Checkout.com, a UK-based Payments startup, has raised $150 million in a Series B funding round, thus almost tripling its valuation to $5.5 billion.
Announced on Monday, the funding round was led by Coatue and saw participation from existing investors including Insight Partners, DST Global, Blossom Capital, and GIC, Singapore's Sovereign Wealth Fund.
Founded in 2012, Checkout.com facilitates online payment processing solutions to businesses, similar to Stripe and Adyen.
The startup grabbed headlines last year as it secured $230 million in a Series A round from an array of venture capitals, putting the company into the Unicorn list with around $2 billion in valuation.
With this round, Checkout.com is now sharing Europe's most valued fintech startup title with UK-headquartered Revolut and Swedish lender Klarna. Despite that, there is a long road between its two direct competitions - Stripe is valued at $36 billion and the total market cap of publicly-listed Adyen stands at $38 billion.
“The way money moves into and out of businesses is changing rapidly. I believe that by solving financial complexity, you can radically unlock innovation -- starting with digital payments,” Guillaume Pousaz, founder and CEO of Checkout.com, said.
Impressive figures since the last funding
The company has also reported impressive numbers for the last year with a jump in its transaction volumes by 250 percent. It has also added Southeast Asian ride-hailing giant Grab and US stock trading disrupter Robinhood.
The UK-based startup also boasts that unlike its peers, the company is profitable since 2012.
The latest proceeds will be utilized to further strengthen its balance sheet, bringing available cash to over $300 million.
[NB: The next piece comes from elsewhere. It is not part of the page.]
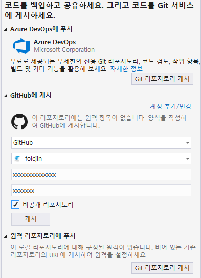 5. 팀 탐색기 - GitHub에 게시

“At Checkout.com, we've built a technical architecture that enables pioneers to reinvent industries and redefine their relationship with consumers. Now more than ever, we are confident of our mission to build the connected payments that businesses deserve,” Pousaz added.
Checkout.com is also a member of the Libra Association as it joined the Swiss non-profit after the exit of giants like Mastercard, Visa, Paypal, and Stripe.